The adipocytokine Nampt and its product NMN have no effect on beta-cell survival but potentiate glucose stimulated insulin secretion.

AIMS/HYPOTHESIS: Obesity is associated with a dysregulation of beta-cell and adipocyte function. The molecular interactions between adipose tissue and beta-cells are not yet fully elucidated. We investigated, whether or not the adipocytokine Nicotinamide phosphoribosyltransferase (Nampt) and its enzymatic product Nicotinamide mononucleotide (NMN), which has been associated with obesity and type 2 diabetes mellitus (T2DM) directly influence beta-cell survival and function. METHODS: The effect of Nampt and NMN on viability of INS-1E cells was assessed by WST-1 assay. Apoptosis was measured by Annexin V/PI and TUNEL assay. Activation of apoptosis signaling pathways was evaluated. Adenylate kinase release was determined to assess cytotoxicity. Chronic and acute effects of the adipocytokine Nampt and its enzymatic product NMN on insulin secretion were assessed by glucose stimulated insulin secretion in human islets.
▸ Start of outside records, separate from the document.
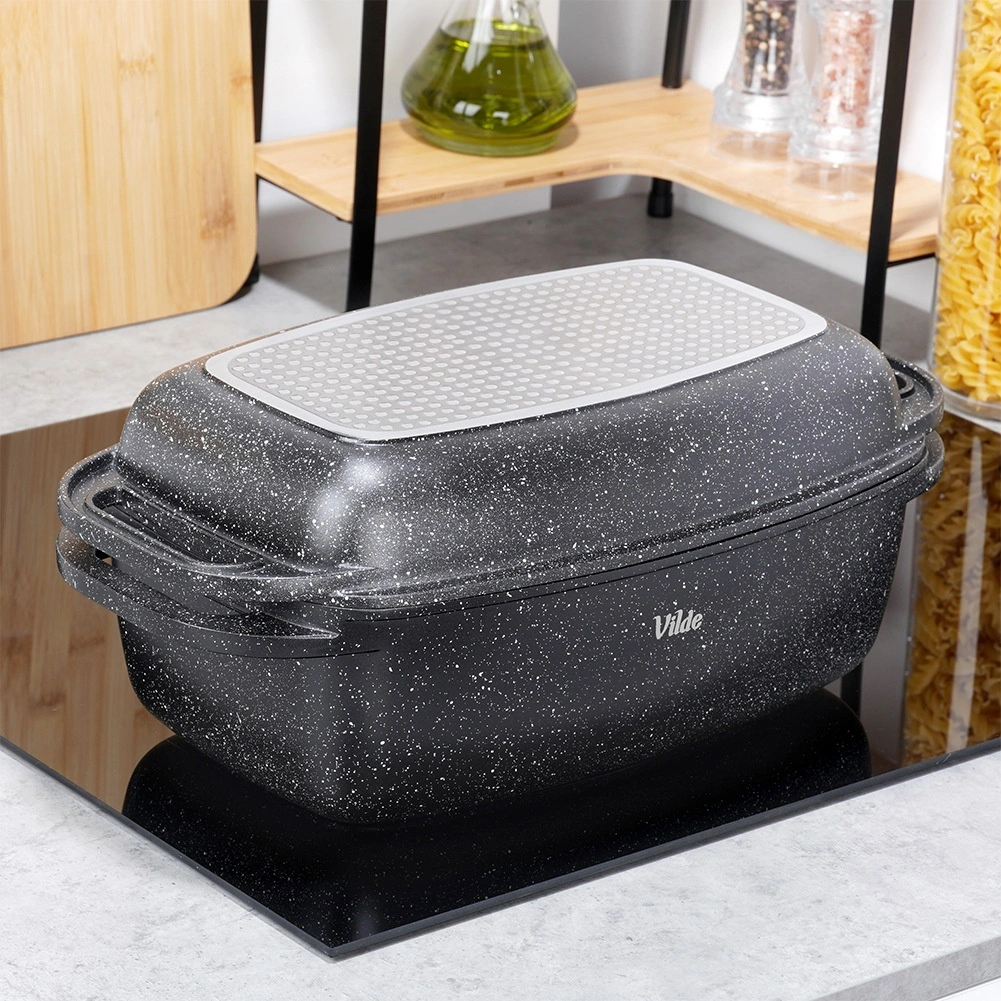 Všestranné použití: trouba až do 250 °C, sporák plynový, elektrický, sklokeramický i indukční. Po vaření jednoduše vložte do myčky nádobí. Originální výrobek VILDE – Granitica Line, vyrobeno dle evropských standardů.
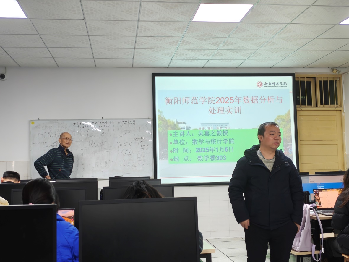 2025年1月2日,著名统计学家,数据科学先驱者之一,中国人民大学吴喜之教授在衡阳师范学院新校区理科1栋数学楼303开展《数据分析与处理实训》实践课程教学。衡阳师范学院是吴喜之教授在全国第三十所高校开展专业学分教学的高校。此次实践课程教学时间是1月2日至1月10日。17c起草红桃数学与应用数学、信息与计算科学和统计学专业教师,教育科学学院和经济管理学院部分教师和2021级和2022级数学与应用数学、信息与计算科学和统计学专业学生参加此次活动。由曹灿等专任教师担任本次实践课程助教,辅助吴教授课堂教学,分配数据任务和收集分析报告等工作。
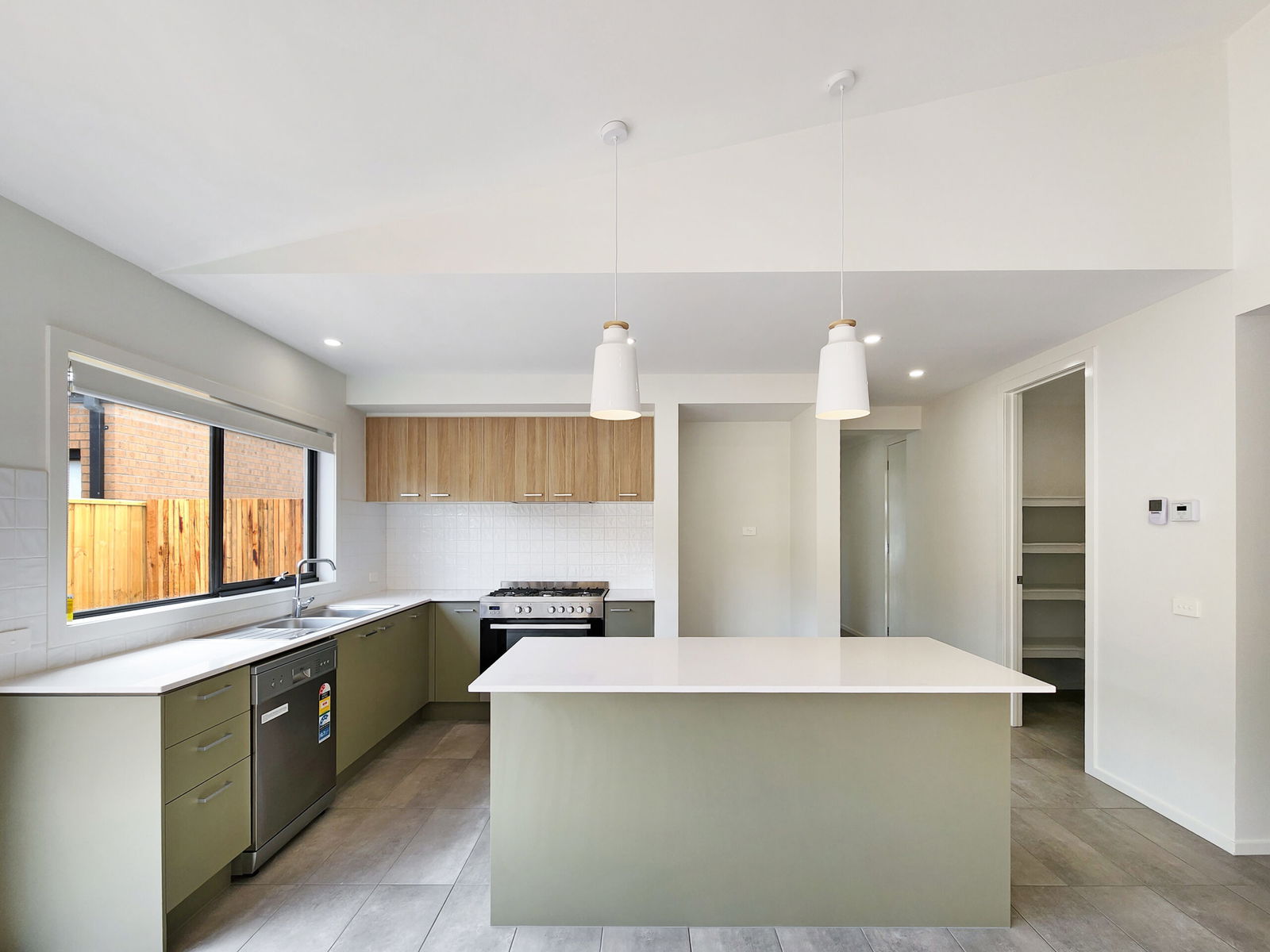 – Large kitchen with stone bench tops, pendant lighting, statement cabinetry, 5 burner gas cook-top, 900mm oven, dishwasher, large fridge space, microwave cavity and walk-in pantry.
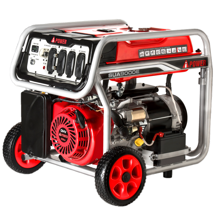 The A-iPower 9000E provides 9,000 watts of starting power and 7,250 watts of running power. It’s well-suited for the construction job site or as backup power for your home during emergencies. The generator features an electric start – battery included.
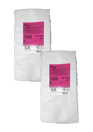 50 buste professionali goffrate 15x30 cm, per alimenti. Questi sacchetti sottovuoto, idonei per uso alimentare, sono realizzati da Orved per My Custom Style e ideali per essere utilizzati nelle principali macchine per sottovuoto.
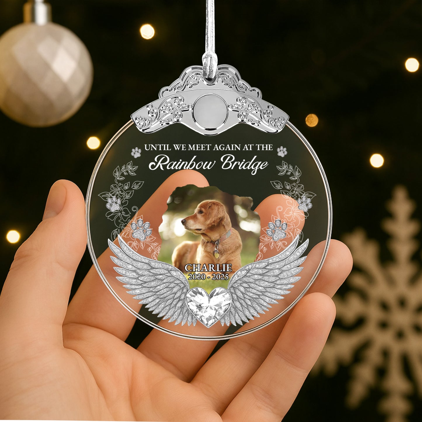 Until We Meet Again At The Rainbow Bridge With Dog And Wings,Personalized Glass Ornament,Gift For Pet Owners and Dog Lovers
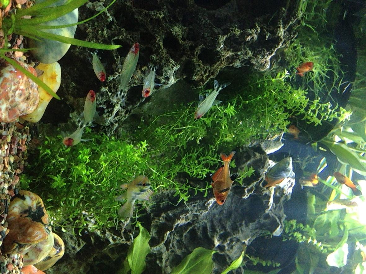 True Rummynose Tetra, Red Minor Serpae Tetra, Boesemani Rainbow, Red Wag Platy, Common Pleco

RESULTS: While stimulation of beta-cells with the cytokines IL-1ß, TNFα and IFN-γ or palmitate significantly decreased viability, Nampt and NMN showed no direct effect on viability in INS-1E cells or in human islets, neither alone nor in the presence of pro-diabetic conditions (elevated glucose concentrations and palmitate or cytokines). At chronic conditions over 3 days of culture, Nampt and its product NMN had no effects on insulin secretion. In contrast, both Nampt and NMN potentiated glucose stimulated insulin secretion acutely during 1 h incubation of human islets. CONCLUSION/INTERPRETATION: Nampt and NMN neither influenced beta-cell viability nor apoptosis but acutely potentiated glucose stimulated insulin secretion.